In a locked up area, we see a character known as Borax Karloff. He has a huge car, that is sure to be full of tricks. The race is about to start, and Porky is the clear favorite. (Remember him? His name IS in the title.) It begins and most of the other racers fall victim to Karloff’s tricks. Laughton successfully dodges most of the traps, but can’t avoid the torpedo sent his way. Karloff disables the majority with a squirt of glue, but not Porky. The glue sticks to his wheels ,and bricks stick to them, making some nice treads.

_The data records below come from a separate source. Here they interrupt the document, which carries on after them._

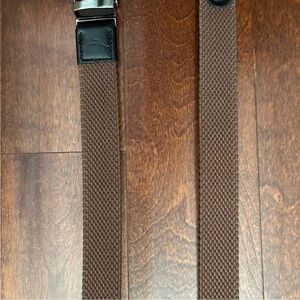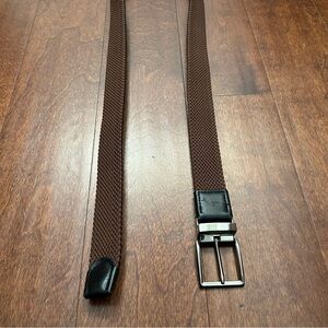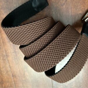 Tommy Bahama Men’s Brown Webbed Belt with Black Leather Trim, Size Large/XL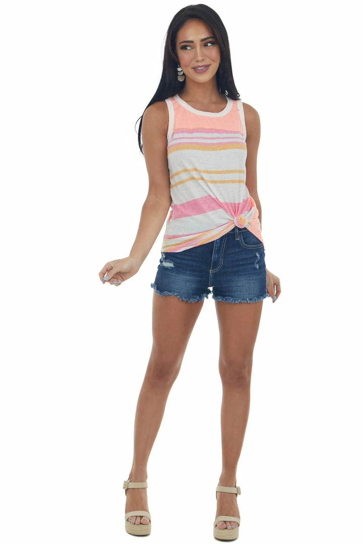 - Neon Coral Striped High Low Knit Tank Top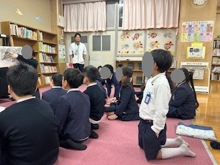 今日のひまわりタイムは、図書室で読み聞かせでした。「どろんこハリー」「もこもこもこ」「きょうのごはん」の絵本の中で、「きょうのごはん」は、挿絵がとてもおいしそうで,みんな目を輝かせて聞いていました。せんべいを焼く手遊び歌では、「激辛ソースせんべい‼」「サラダせんべい‼」等、食べたい味をリクエストしていました。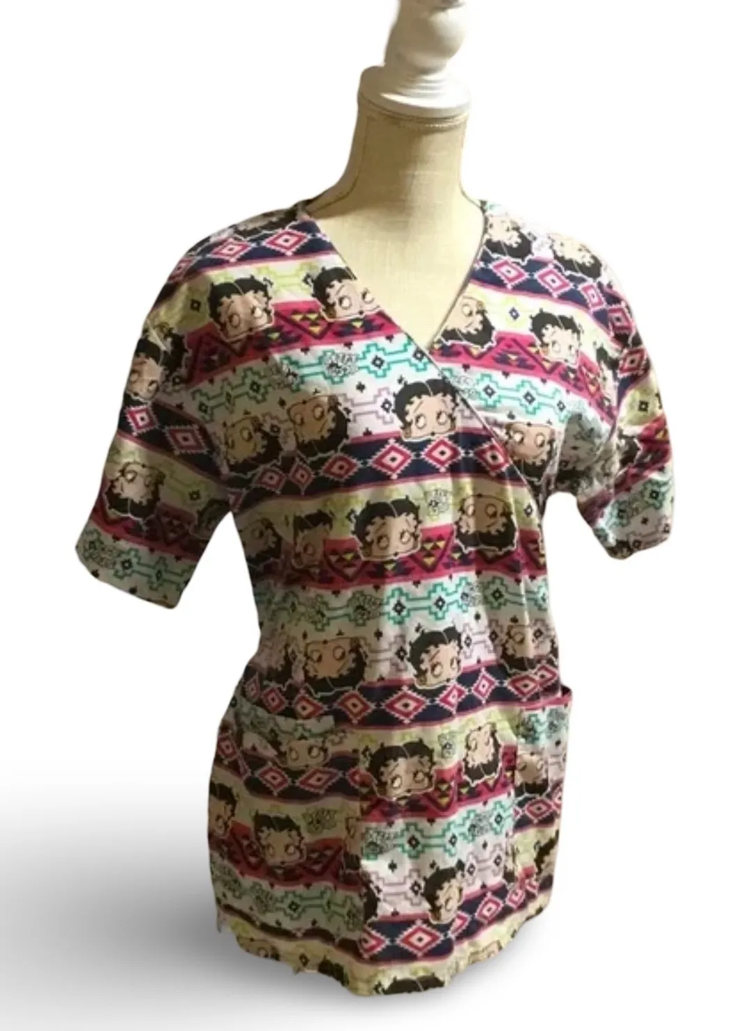 Medical scrub top featuring cute Betty Boop pattern all over. Wrap style. Ties in back. Size L Meas... Show more

Karloff tries grease, but that just causes the treads to pop off and hit him in the head. After exiting a tunnel our two last competitors have switched cars. Karloff is in the lead and raises a drawbridge to keep Porky from completing the race. Porky uses the bridge as a ramp and launches to the finish line first. The judges award him a crown, but Olliver (whose car is reduced to nearly nothing) drives by stealing the crown for herself. Enjoy your brief victory, kid. I’ll be returning that prize to the REAL champion now, thank you.

Personal Rating: 3

Hollywood Capers

“Beans is the name! One of the Boston Beans!”

We open in Hollywood. (Did that guy who ran in front of the car just disappear?) Beans wants to get in to the W.B. lot. Much like the later “You ought to be in Pictures” the guard won’t let him in, despite the cat’s awesome resume. This doesn’t deter Beans, as he uses a Olliver Hardy disguise to get in. (Unlike Porky’s disguise, Bean’s actually works.) He goes in and sees director Oliver Owl directing a film starring Kitty. Beans enjoys his time until he accidentally disrupts the film. Oliver throws him out.

Beans accidentally activates a robot Frankenstein’s monster. It eats the camera, chases Kitty, and gets hit by his own reflection. Beans tries to stop it by wrapping it up in a pipe. The monster is so strong that it doesn’t slow him down. Beans finally destroys the menace by pushing a fan into him and shredding him to bits.